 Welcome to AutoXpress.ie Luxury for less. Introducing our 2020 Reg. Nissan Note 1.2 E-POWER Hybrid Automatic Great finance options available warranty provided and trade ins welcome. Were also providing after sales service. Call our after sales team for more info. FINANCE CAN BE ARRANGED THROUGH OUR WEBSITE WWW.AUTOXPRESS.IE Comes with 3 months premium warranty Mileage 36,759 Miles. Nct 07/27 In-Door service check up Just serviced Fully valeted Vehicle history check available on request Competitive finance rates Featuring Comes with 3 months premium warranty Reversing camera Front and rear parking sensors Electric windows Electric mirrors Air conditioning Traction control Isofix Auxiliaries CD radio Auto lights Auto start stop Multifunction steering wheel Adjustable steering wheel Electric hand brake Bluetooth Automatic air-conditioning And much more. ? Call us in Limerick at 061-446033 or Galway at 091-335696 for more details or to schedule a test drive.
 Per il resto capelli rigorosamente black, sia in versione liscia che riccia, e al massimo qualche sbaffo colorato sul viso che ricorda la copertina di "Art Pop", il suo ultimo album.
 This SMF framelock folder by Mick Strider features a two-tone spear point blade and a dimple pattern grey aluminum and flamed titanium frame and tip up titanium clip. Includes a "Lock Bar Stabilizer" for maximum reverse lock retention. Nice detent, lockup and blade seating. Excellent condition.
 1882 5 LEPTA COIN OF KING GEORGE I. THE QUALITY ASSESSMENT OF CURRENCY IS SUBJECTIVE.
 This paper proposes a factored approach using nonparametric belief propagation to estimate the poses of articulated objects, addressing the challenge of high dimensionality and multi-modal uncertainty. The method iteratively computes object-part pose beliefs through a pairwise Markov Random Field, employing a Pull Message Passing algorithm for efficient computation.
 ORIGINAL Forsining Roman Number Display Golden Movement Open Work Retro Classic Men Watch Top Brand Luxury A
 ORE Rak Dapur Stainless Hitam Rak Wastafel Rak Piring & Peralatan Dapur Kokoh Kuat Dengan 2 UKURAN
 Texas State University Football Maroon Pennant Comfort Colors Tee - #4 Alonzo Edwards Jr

* * *

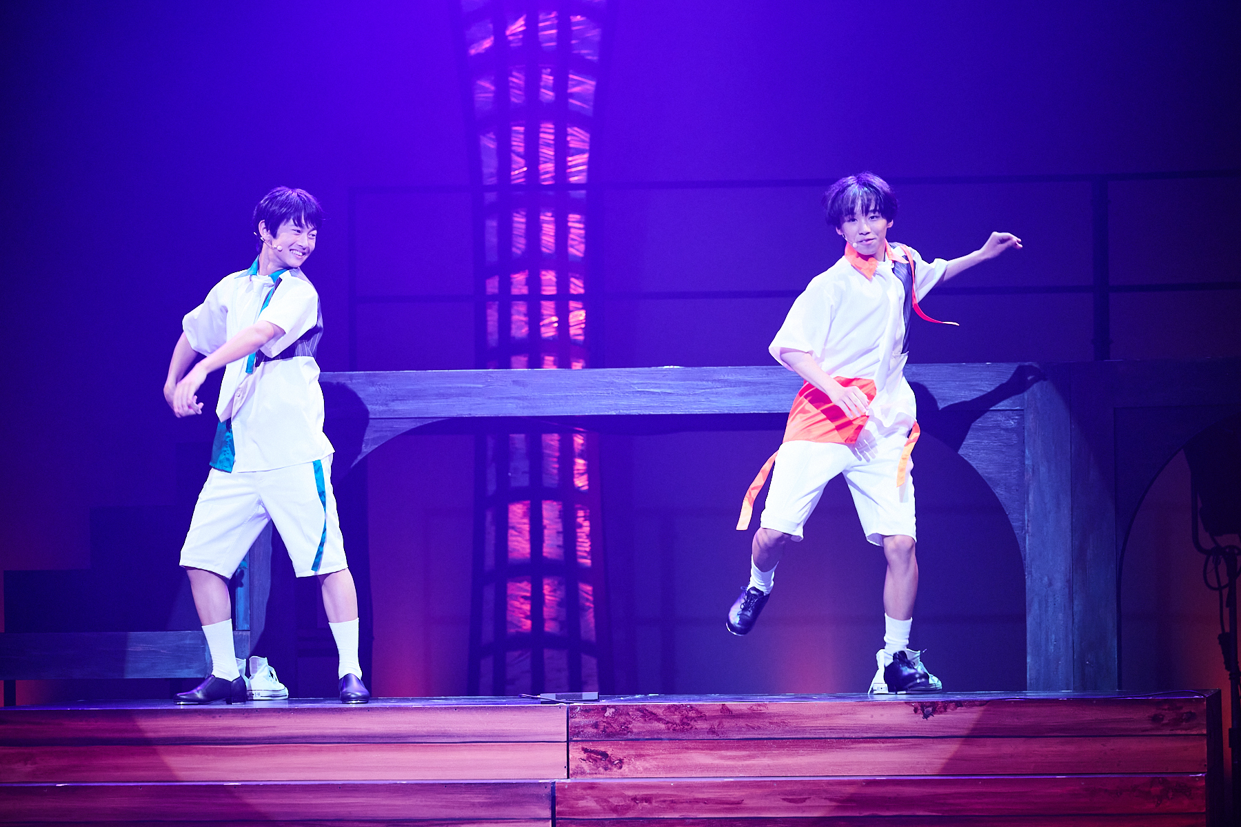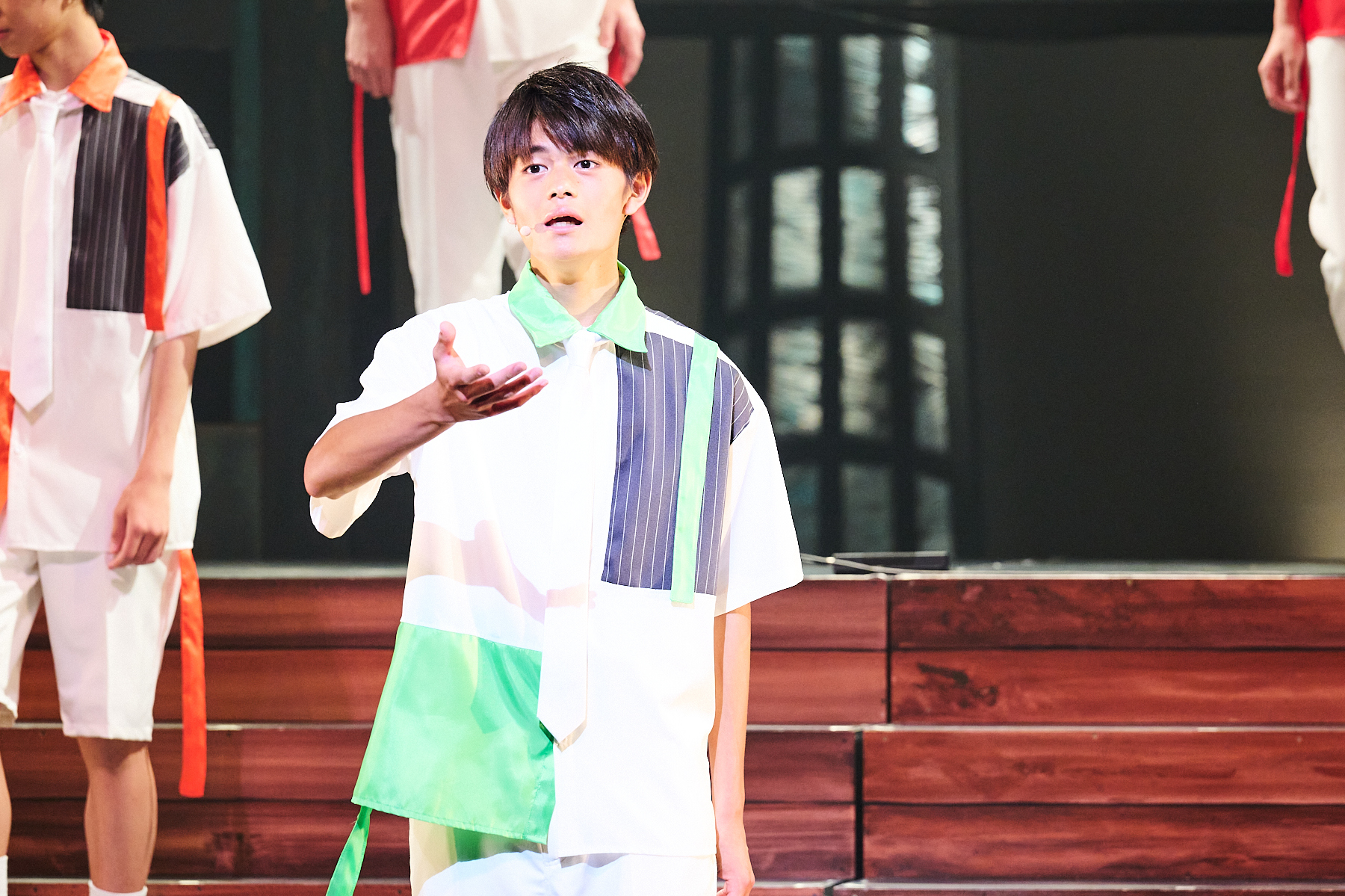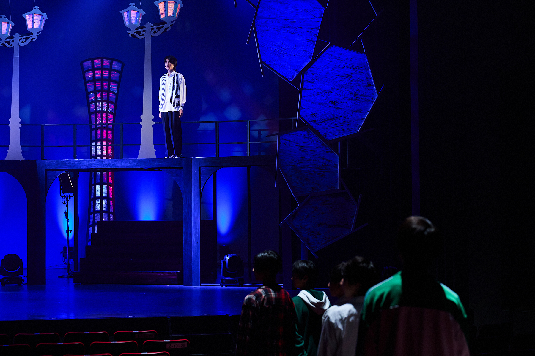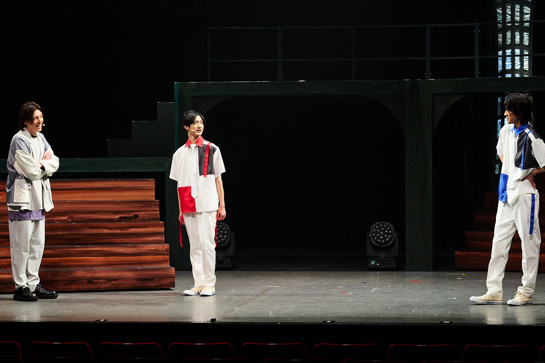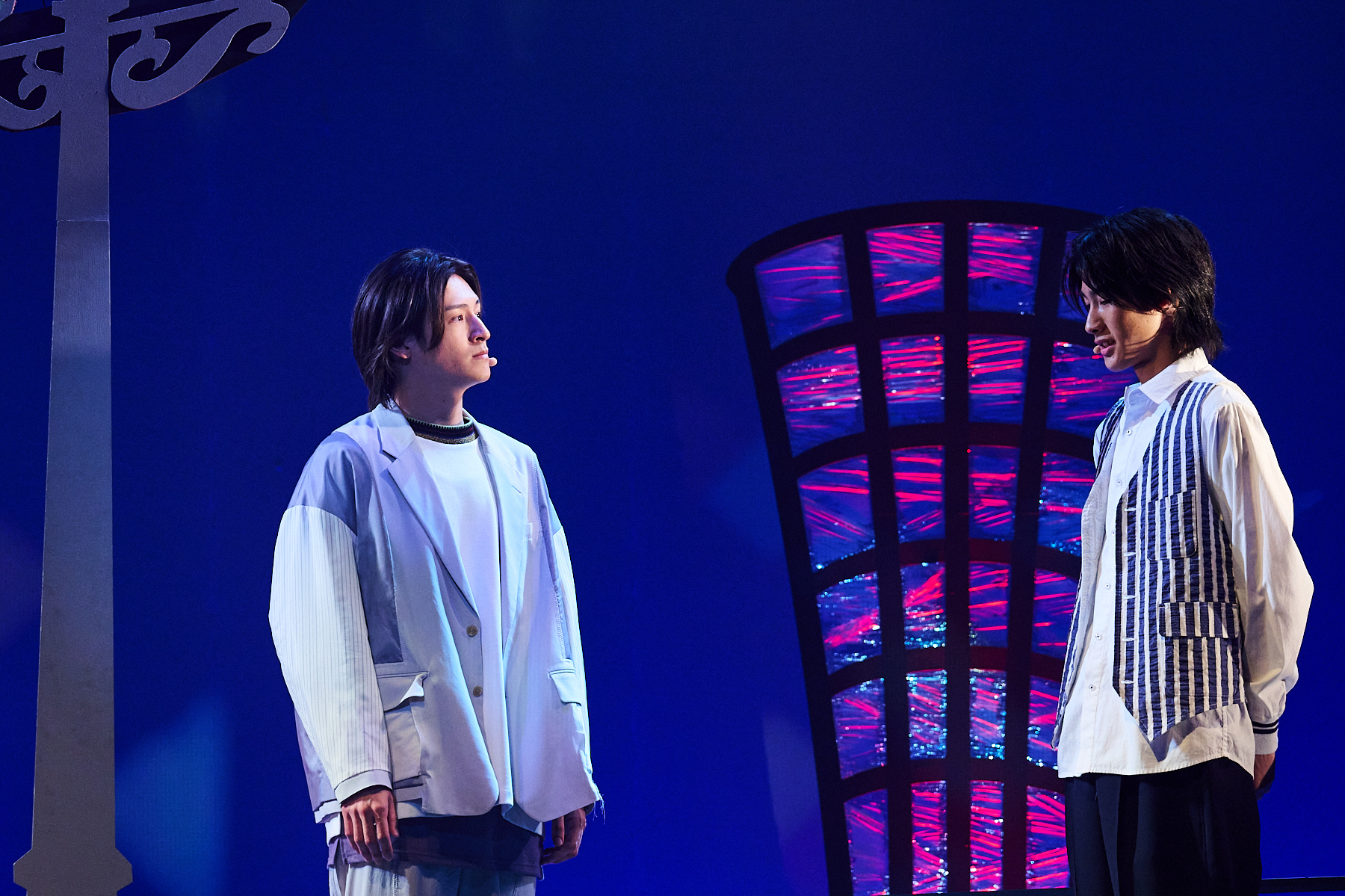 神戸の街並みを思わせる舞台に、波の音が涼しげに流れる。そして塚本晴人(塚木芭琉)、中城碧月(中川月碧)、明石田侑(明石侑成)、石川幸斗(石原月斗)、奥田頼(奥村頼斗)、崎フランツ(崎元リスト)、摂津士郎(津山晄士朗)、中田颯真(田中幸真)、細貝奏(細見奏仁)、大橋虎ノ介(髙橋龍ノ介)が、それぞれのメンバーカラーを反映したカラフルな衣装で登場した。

---

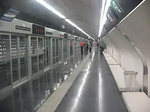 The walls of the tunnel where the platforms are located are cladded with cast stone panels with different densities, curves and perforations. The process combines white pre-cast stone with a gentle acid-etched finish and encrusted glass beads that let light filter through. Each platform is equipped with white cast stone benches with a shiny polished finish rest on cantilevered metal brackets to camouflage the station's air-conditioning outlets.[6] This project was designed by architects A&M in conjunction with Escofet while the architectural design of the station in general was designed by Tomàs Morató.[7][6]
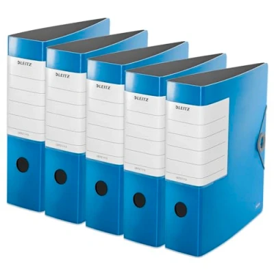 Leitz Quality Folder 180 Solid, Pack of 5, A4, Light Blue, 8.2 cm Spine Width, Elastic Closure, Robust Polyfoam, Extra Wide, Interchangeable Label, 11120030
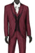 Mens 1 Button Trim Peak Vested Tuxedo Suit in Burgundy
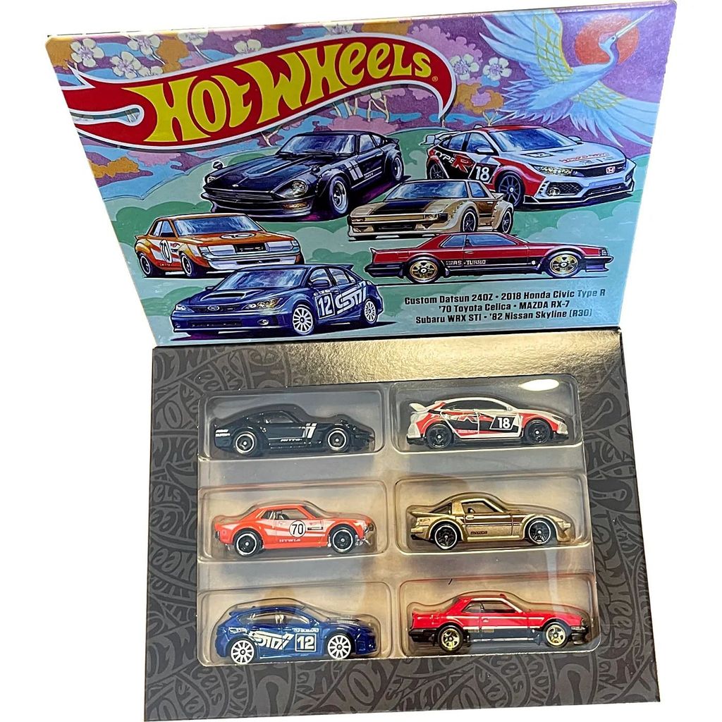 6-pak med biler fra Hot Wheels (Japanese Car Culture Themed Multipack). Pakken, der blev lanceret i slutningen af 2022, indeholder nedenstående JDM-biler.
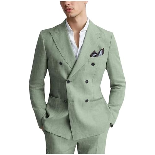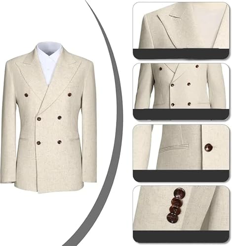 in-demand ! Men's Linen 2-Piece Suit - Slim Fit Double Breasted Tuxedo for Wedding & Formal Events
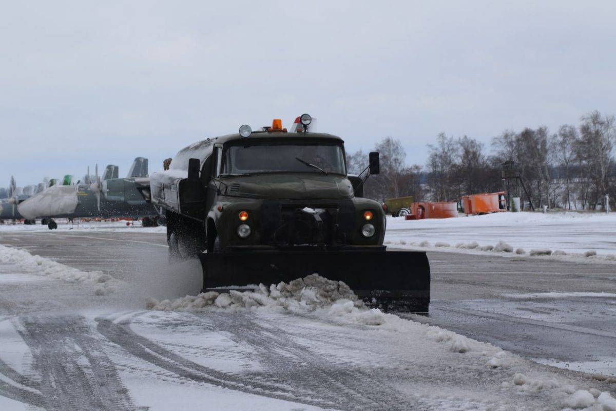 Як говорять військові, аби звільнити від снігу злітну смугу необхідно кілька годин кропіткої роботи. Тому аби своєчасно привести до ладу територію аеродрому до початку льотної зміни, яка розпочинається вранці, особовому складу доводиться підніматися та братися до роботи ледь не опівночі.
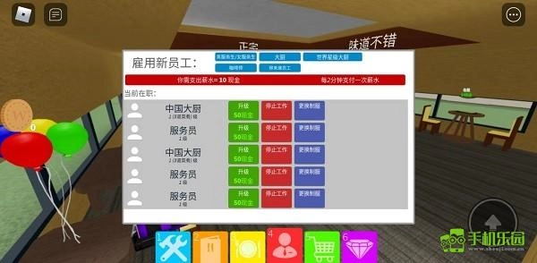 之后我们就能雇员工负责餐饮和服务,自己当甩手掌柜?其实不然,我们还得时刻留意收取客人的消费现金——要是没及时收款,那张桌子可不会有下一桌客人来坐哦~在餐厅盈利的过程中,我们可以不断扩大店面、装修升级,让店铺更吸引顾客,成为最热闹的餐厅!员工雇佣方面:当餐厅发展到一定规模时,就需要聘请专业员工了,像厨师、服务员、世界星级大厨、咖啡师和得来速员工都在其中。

* [EXERCISE DETAILS] Tally the lines above that contain the word "Luxury", and reply with only the number.

* [RESULT OF THE TASK] 2